INSTRUCTIONS TO FOLLOW »
Every line from the start of the entries up to and including the one bearing "Ce filtre fonctionne" must be printed verbatim, without the pictures.

INPUT RECORDS »
- - - - - - -
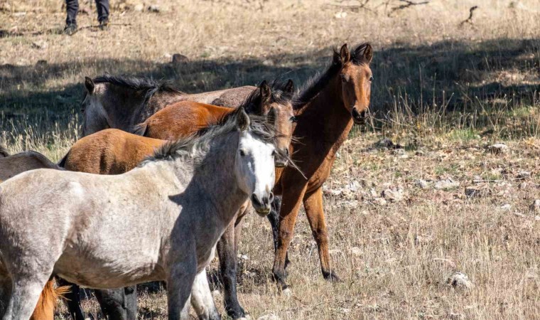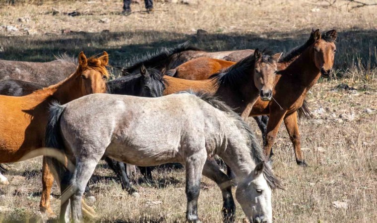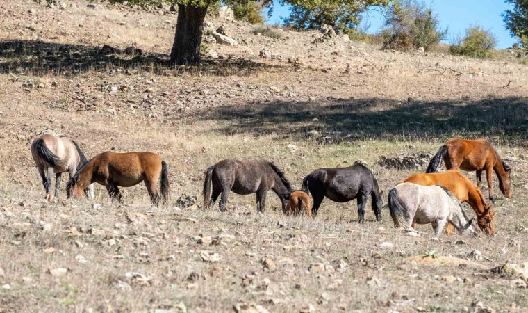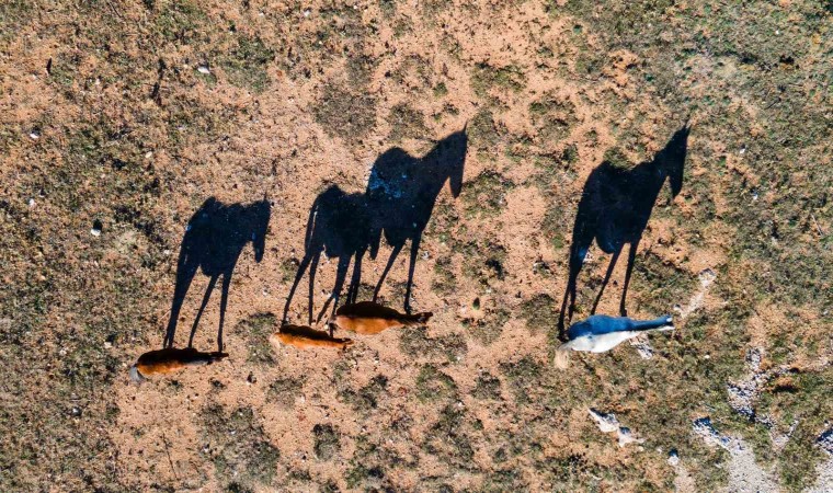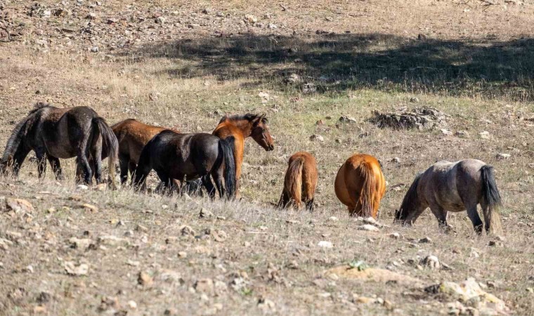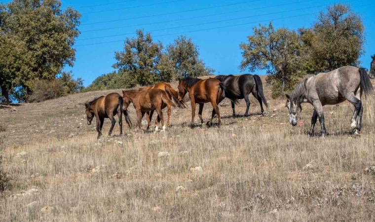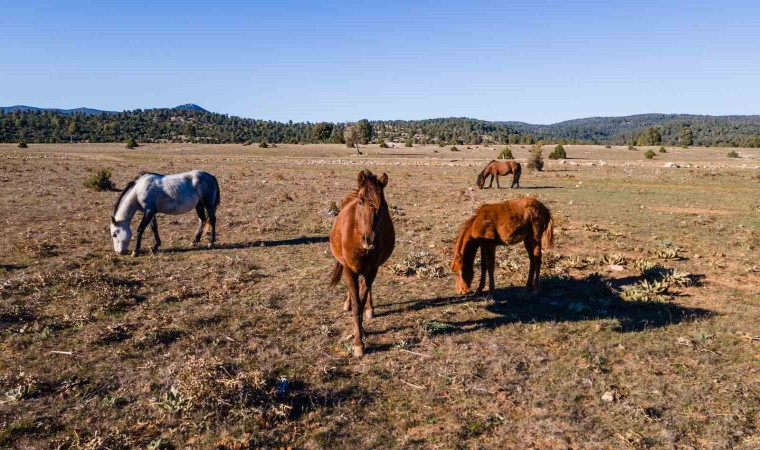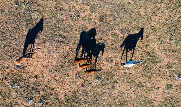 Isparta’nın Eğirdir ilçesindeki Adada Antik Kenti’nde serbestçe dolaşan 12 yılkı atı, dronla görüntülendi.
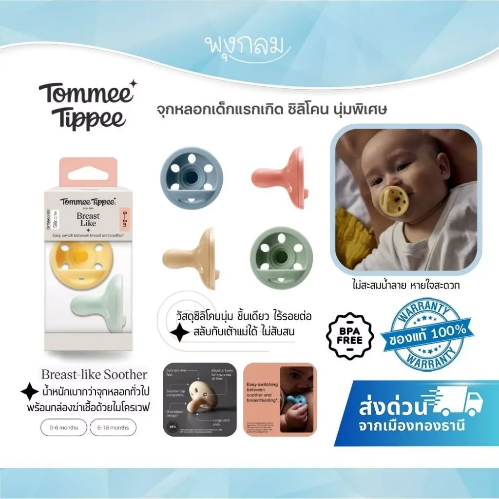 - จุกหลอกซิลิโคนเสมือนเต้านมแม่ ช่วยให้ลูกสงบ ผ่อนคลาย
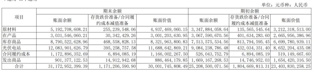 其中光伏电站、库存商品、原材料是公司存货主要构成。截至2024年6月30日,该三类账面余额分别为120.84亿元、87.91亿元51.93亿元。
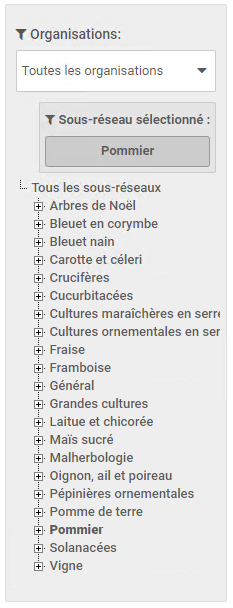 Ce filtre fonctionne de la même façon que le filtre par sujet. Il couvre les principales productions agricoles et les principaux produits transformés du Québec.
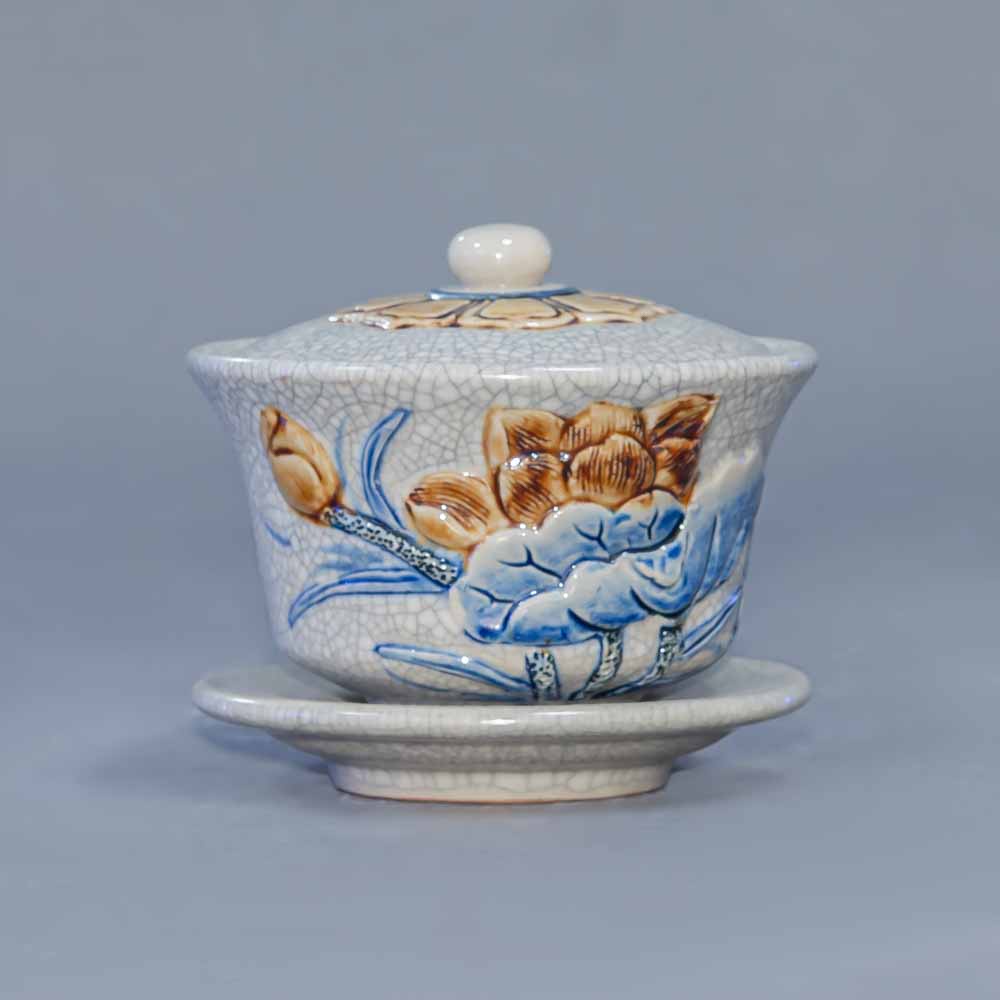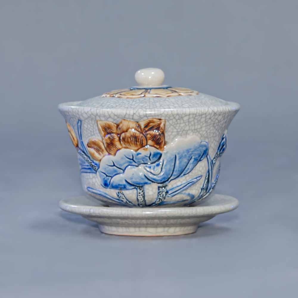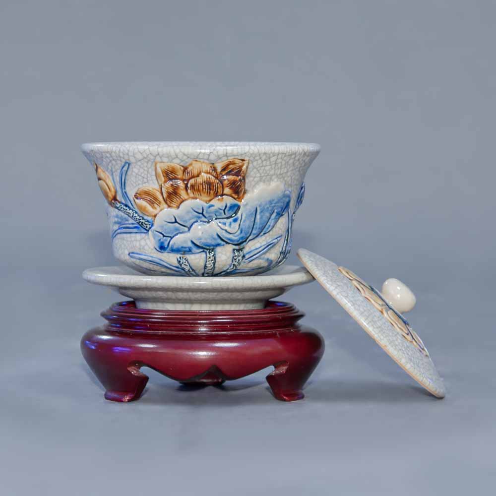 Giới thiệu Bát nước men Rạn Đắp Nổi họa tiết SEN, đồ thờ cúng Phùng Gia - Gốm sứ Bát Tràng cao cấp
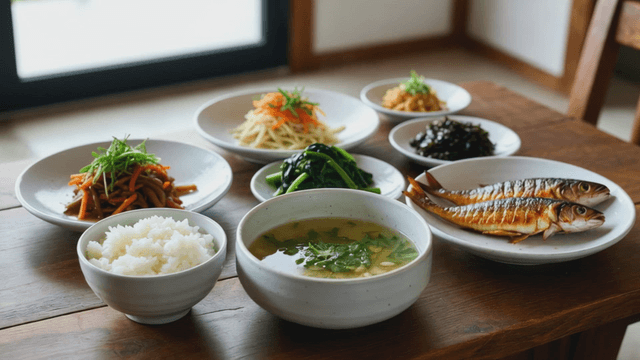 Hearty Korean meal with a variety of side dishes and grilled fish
- - - - - - -
ANSWER SPACE »
 Isparta’nın Eğirdir ilçesindeki Adada Antik Kenti’nde serbestçe dolaşan 12 yılkı atı, dronla görüntülendi.
 - จุกหลอกซิลิโคนเสมือนเต้านมแม่ ช่วยให้ลูกสงบ ผ่อนคลาย
 其中光伏电站、库存商品、原材料是公司存货主要构成。截至2024年6月30日,该三类账面余额分别为120.84亿元、87.91亿元51.93亿元。
 Ce filtre fonctionne de la même façon que le filtre par sujet. Il couvre les principales productions agricoles et les principaux produits transformés du Québec.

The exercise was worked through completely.